The flip side of the story captured in Howdy’s aerials was a Canada—but especially a rural Canada—on the cusp of fundamental change. The end of the Second World War had ushered in a period of accelerated urban ization and industrialization that would profoundly alter the character of the country. Agriculture, meanwhile, was troubled by instability and had been displaced from its favoured position in the national economy by other resource industries. These developments translated into a steady depopulating of the countryside and fewer but bigger farms in western Canada. A good many of the places photographed by Howdy were consequently consolidated into large, heavily mechanized operations, or more likely, abandoned within two decades. A similar fate befell many small villages and hamlets, which can no longer be found today on a road map. Urban centres, at the same time, benefitted from this population shift, as young people fled the family farm at first opportunity and headed to the city for a job that in many cases had nothing to do with agriculture. So, while Howdy is often credited for photographing Saskatchewan farms before out-migration had taken its toll on rural society, he also created a visual record of towns and cities before the resource and industrial boom of the post-war period and accompanying population growth had brought about a large-scale, physical transformation of these centres and the nature of their economies. They are historical artifacts, documentary evidence of a time and place seemingly light years away.

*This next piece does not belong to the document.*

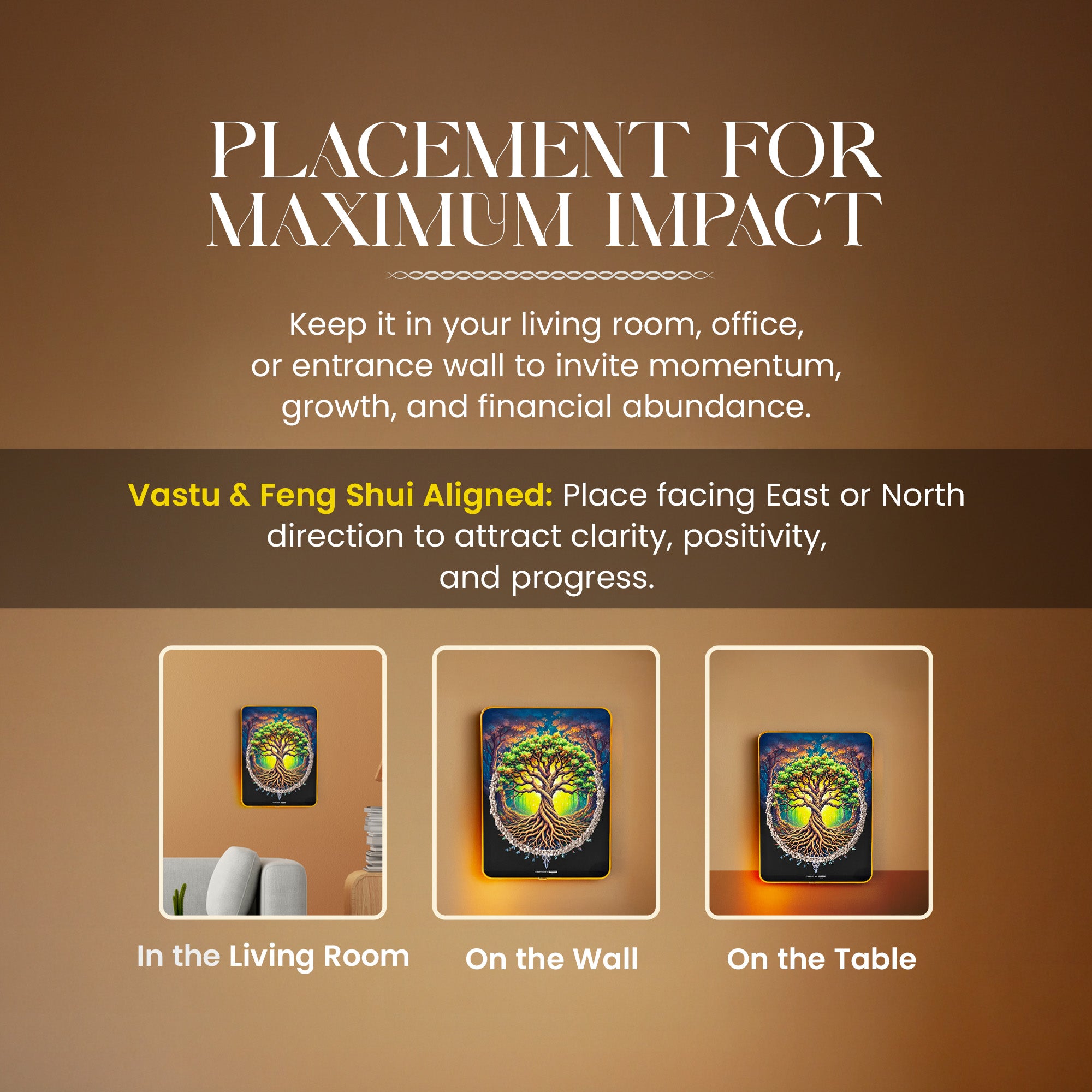 ✨ How to Use: Placement for Prosperity – Keep it in your living room, office, or entrance wall to invite momentum, growth, and financial abundance. Vastu & Feng Shui Aligned – Place facing East or North direction to attract clarity, positivity, and progress. Energize Your Space – The embedded rose quartz crystal radiates affection-attracting vibrations that uplift your environment. Daily Intention Setting – Stand before the artwork, take a deep breath, and affirm your goals while visualizing the framed artwork charging ahead with your dreams. Sacred Decor – Use as a spiritual décor piece that not only beautifies but also harmonizes energy flow at home or the workplace.
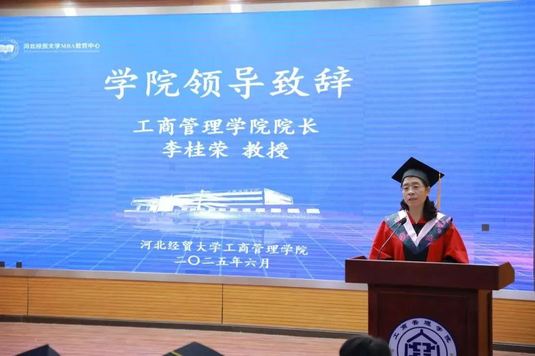 上午9点,毕业典礼正式开始。李桂荣经理首先致辞,她代表伟德bv国际体育和MBA教育中心向2025届全体研究生表示衷心的祝贺,并对同学们提出四点希望:一是要坚守初心,勇担使命。将个人的职业发展与国家的战略需求相结合,为推动经济高质量发展、实现中华民族伟大复兴的中国梦贡献力量。无论身处何方,无论面临何种困难,都要坚守使命,以实际行动践行“经世济民,管经管业”的责任与担当;二是要创新思维,追求卓越。希望同学们保持敏锐的洞察力和创新思维,敢于突破传统思维的束缚,勇于尝试新的方法和模式;三是要持续学习,提升自我。希望同学们在毕业后继续保持对知识的渴望,不断学习新知识、新技能,提升自己的综合素质。关注行业动态,紧跟时代步伐,不断更新知识体系,以适应不断变化的社会需求;四是要团结协作,共创未来。同学们要以组织的目标为中心,善于协作,相互支持,共创未来。

What really distinguishes Howdy’s work is the simple artistry of each composition. His aerials are not in any sense generic, or for that matter, sterile. Even though he was both flying the plane and using a hand-held camera, his photographs are amazingly sharp. They are also surprisingly detailed, especially given the distance from the subject, and this textual richness provides a window to the material culture of the period. Howdy had a keen sense of the landscape and tried to capture the rhythm and patterns of daily life by including people and their activities in the scenes whenever possible. The pictures are effectively saying that this is their home ground. Nothing delighted Howdy more during his picture outings than spotting individuals waving at him at he flew overhead and pressed the shutter. That moment—that intersection of plane, camera, and subject—can never be duplicated again given the transitory nature of photography. It’s what makes Howdy McPhail’s pictures so special, so valuable, but most of all, so reflective of a truly remarkable pilot who took aerial obliques to the level of an art form.